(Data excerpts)
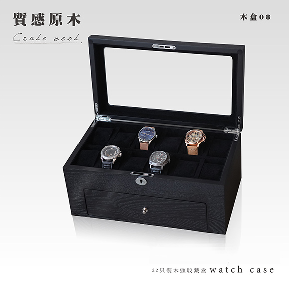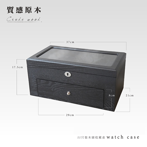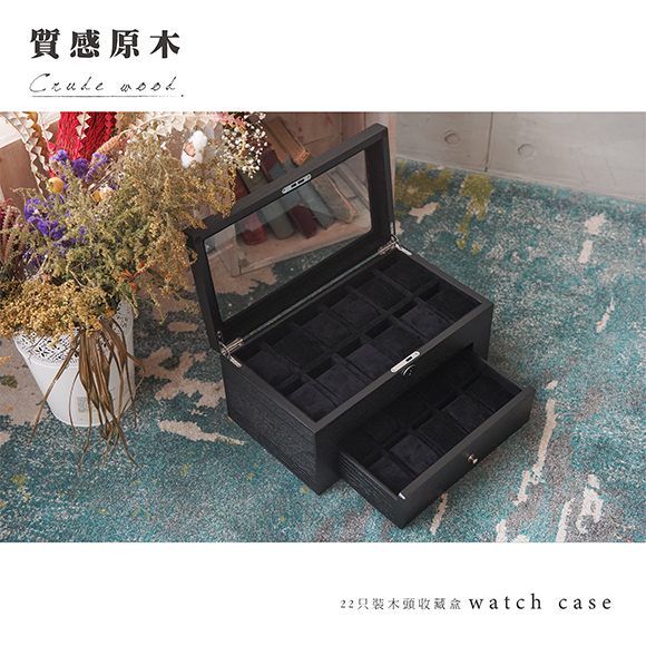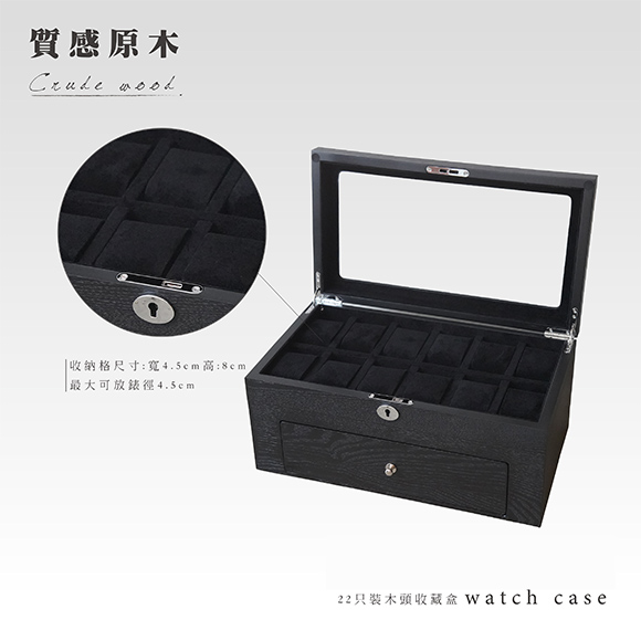 原木手錶收藏盒【22只入】全黑超容量抽屜木盒 (木盒08)
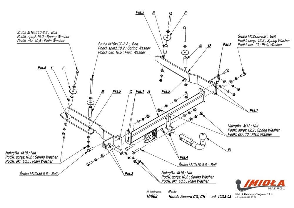 Польский фаркоп Imiola с условно съемным крюком на 2-х болтах (тип шара A), вырез в бампере при установке нужен, электрика в комплекте, максимально разрешенная масса прицепа 1600 кг.
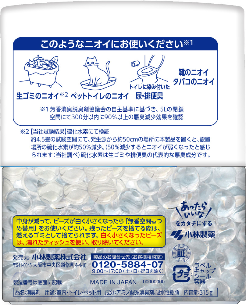 でっかい消臭ビーズがたっぷり。 約90日間しっかり消臭!
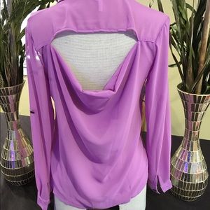 This is a lavender double cross studded blouse with a peek-a-boo back, polyester fabric, very cute. Never worn.
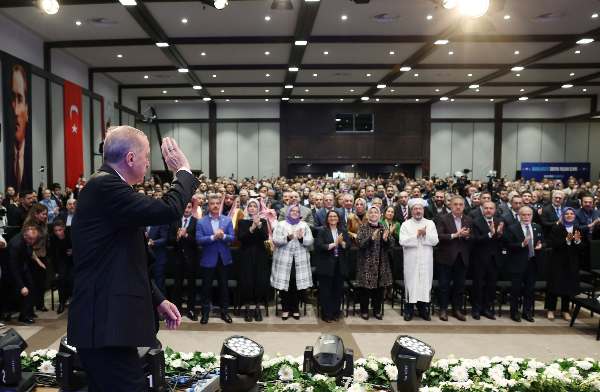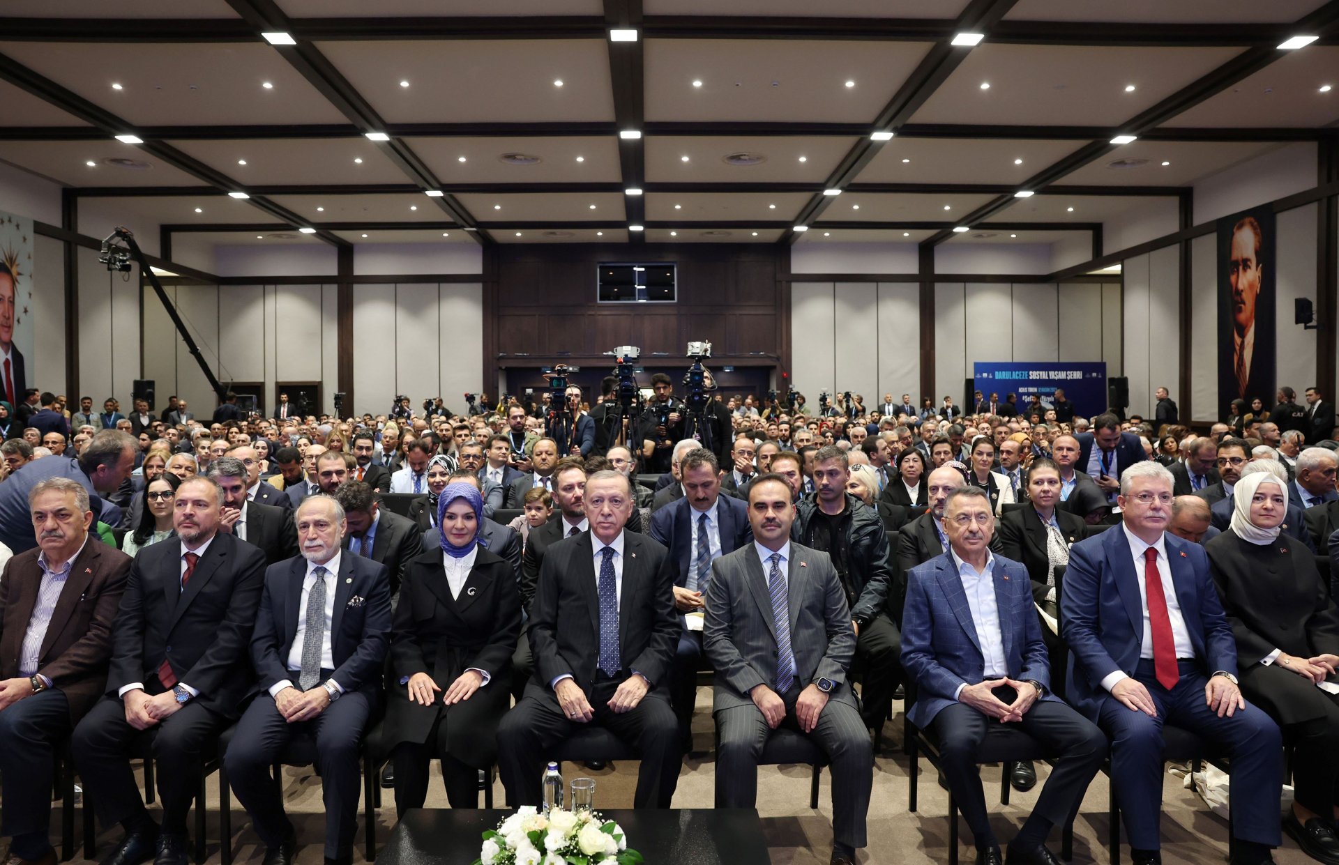 Cumhurbaşkanı Erdoğan, "Umut evleriyle, engelsiz gündüz bakım evleriyle, kurumsal bakım merkezleriyle engellilerimize ve ailelerine destek olduk. Milletimizin takdiriyle 2002'de Türkiye'yi yönetme görevini devraldığımızda kamuya ait bakım ve rehabilitasyon merkezlerinin sayısı neydi biliyor musunuz? 21. Bugün 107. Kamu özel toplam 417 bakım merkezinde şu an 36 bin kardeşimize yatılı bakım hizmeti sunuluyor. 2007 yılında başlattığımız evde bakım yardımı kapsamında 561 bin 752 vatandaşımıza aylık 5 bin 98 lira ödeme yapıyoruz. Ailesi yanında bakımı mümkün olmayan engelliler için hayata geçirdiğimiz 149 umut evinde 654 kardeşimiz hizmet alıyor. Her ilde, en az bir merkez olacak şekilde Türkiye genelinde 134 engelsiz gündüz yaşam merkezimiz çalışmalarını sürdürüyor. Bunun gibi birçok hizmetimiz, projemiz ve desteğimiz var. Her ne kadar elitler ve fil dişi kulede yaşayanlar bilmese de, ihtiyaç sahibi vatandaşlarımız sunulan bu hizmetleri çok iyi biliyor, takdir ediyor. Çünkü biz lafa gelince sürekli halktan, halkçılıktan ve sosyal devletten bahseden ama siyasi hayatları boyunca halka tepeden bakanlardan olmadık. Hangi makamda olursa olalım hep halkımızla iç içe, gönül gönüle olduk. Köklü kerim devlet geleneğimizi günümüzün sosyal devlet yaklaşımıyla harmanlayarak bu alanda yeni ve özgün bir anlayış geliştirdik. Ülkemiz anayasamızda belirtilen sosyal devlet vasfına tam anlamıyla bizim iktidarlarımız döneminde kavuşmuştur. Türkiye sosyal güvenlik şemsiyesinin kuşatıcılığı bakımından dünyanın en ileri ülkelerinden birisidir. Böyle bir sistemi Türk siyasetine ve yönetim sistemine kazandırmış olmaktan büyük bir memnuniyet duyuyoruz. İnşallah bundan sonra da kimsesizlerin kimsesi olmaya devam edeceğiz" diye konuştu.

WHAT NEEDS TO BE DONE:
Stop after the line containing "This is a lavender": copy the records exactly from the first line up to there, leaving pictures out.

REPLY TO THE TASK:
 原木手錶收藏盒【22只入】全黑超容量抽屜木盒 (木盒08)
 Польский фаркоп Imiola с условно съемным крюком на 2-х болтах (тип шара A), вырез в бампере при установке нужен, электрика в комплекте, максимально разрешенная масса прицепа 1600 кг.
 でっかい消臭ビーズがたっぷり。 約90日間しっかり消臭!
 This is a lavender double cross studded blouse with a peek-a-boo back, polyester fabric, very cute. Never worn.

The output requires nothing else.